My questions are these:
1. Is thre baffle easy to remove, flatten, and reinstall.
2. Can i just remove and flip it upside down so it warps upwards thereby prolonging the time until I need to repeat the process
3. is this warping dangerous/is there a way to prevent?

Please answer IF you have experience with Garrisons. They are REALLY different than your average stove and i cant afford guesses!
thanks

jimmy in Minnie
1976 garrison 2


----------



## pen (Jan 25, 2013)

Can you tell if the plate is welded in or not?  Can you move it in place?  I believe this is a cast iron and not a steel stove, if so, the stove may need to be partially disassembled.

Any pics?

Moving this over to the classic room

pen


----------



## Defiant (Jan 25, 2013)

Check out this link.
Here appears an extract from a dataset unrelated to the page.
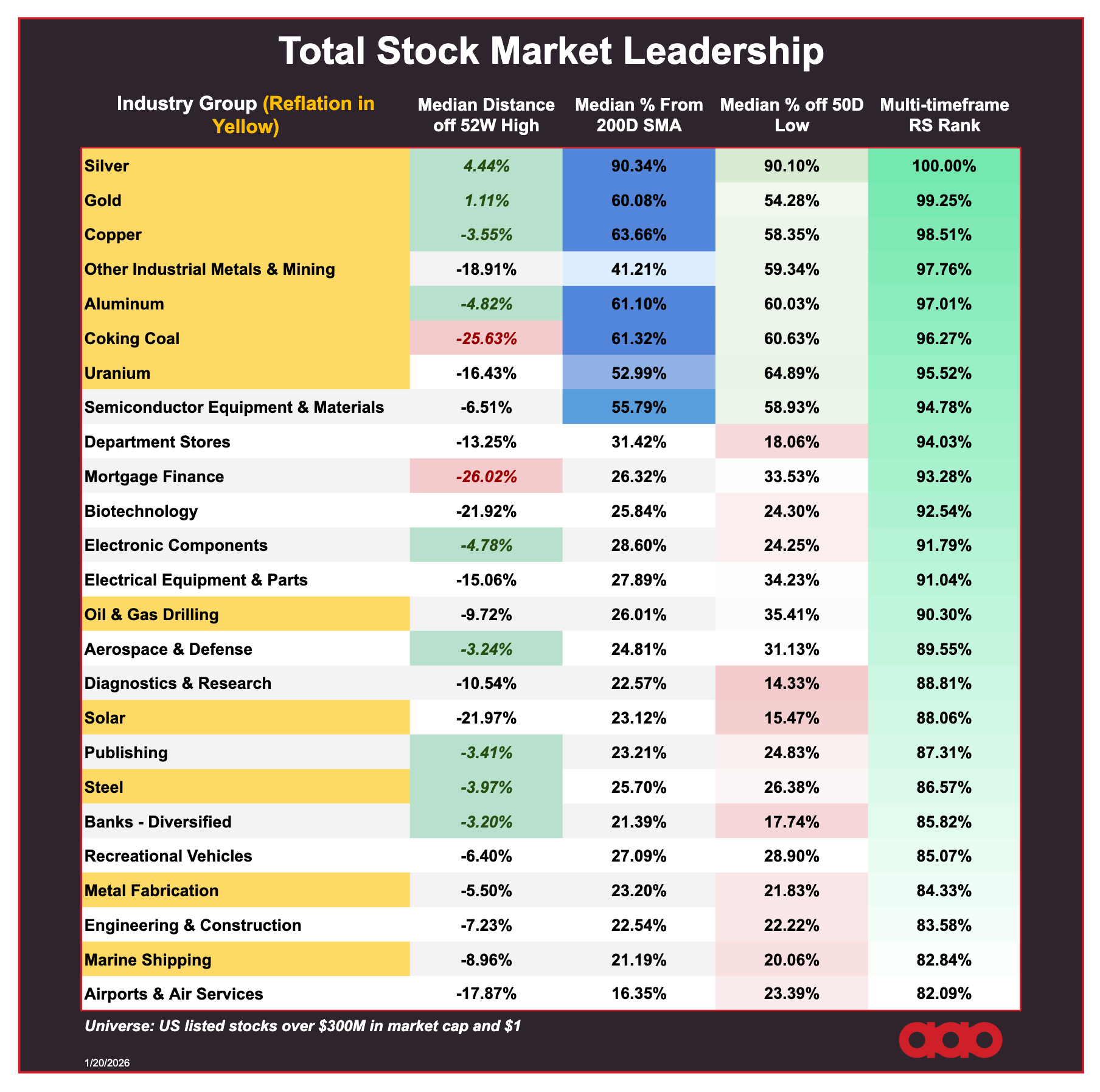 Start with the Total Stock Market Leadership scan. The most important detail here isn’t just who’s near the top — it’s who shouldn’t be there if this were a risk-off or disinflationary environment.

Select make and model.
http://www.woodmanspartsplus.com/68/catalogs/Wood-and-Coal-Stove-Manufacturers-Cross-Reference.html


----------



## The Other Dave (Jan 31, 2013)

Garrison is a steel plate stove. The baffle (they called it a breast plate, there is another vertically mounted baffle behind it) is 1/4 inch steel, as is the stove itself. In early production units, the breast plate was welded in, which did result in warping, and often actually put such stress on the stove that the stove body welds failed. Later, they let the breast plate 'float' by supporting it on pieces of angle iron but not welding it in. If the plate is a floating plate, you could turn it over, or replace it with a newly fabricated plate.  The warping will have some effect on efficiency and tendency to smoke, etc. If it's welded in, you are on your own. At the factory, we experimented with floating units which had a bend across the front, which did stiffen it a lot. That never went into production, at least not at the Portland Oregon plant where I worked. It's a great old stove. Good luck.


----------



## Cactusgirl (Dec 14, 2013)

I've got this same problem! The manufacturer of my stove (Haughs) is no longer in business and I have no idea where to find a replacement or even what the specs are on this part. My baffle (breast plate?) is so warped that it is now a U shape and barely reaches the ledge on either side of the firebox and hangs almost to the bottom at the back of the stove. It's constantly slipping off the ledge when I'm reloading and it then free falls onto my fire. Any suggestions?


----------



## Defiant (Dec 14, 2013)

Cactusgirl said:


> I've got this same problem! The manufacturer of my stove (Haughs) is no longer in business and I have no idea where to find a replacement or even what the specs are on this part. My baffle (breast plate?) is so warped that it is now a U shape and barely reaches the ledge on either side of the firebox and hangs almost to the bottom at the back of the stove. It's constantly slipping off the ledge when I'm reloading and it then free falls onto my fire. Any suggestions?


Wood mans as I said earlier or if you know a welder have him fabricate one for you


----------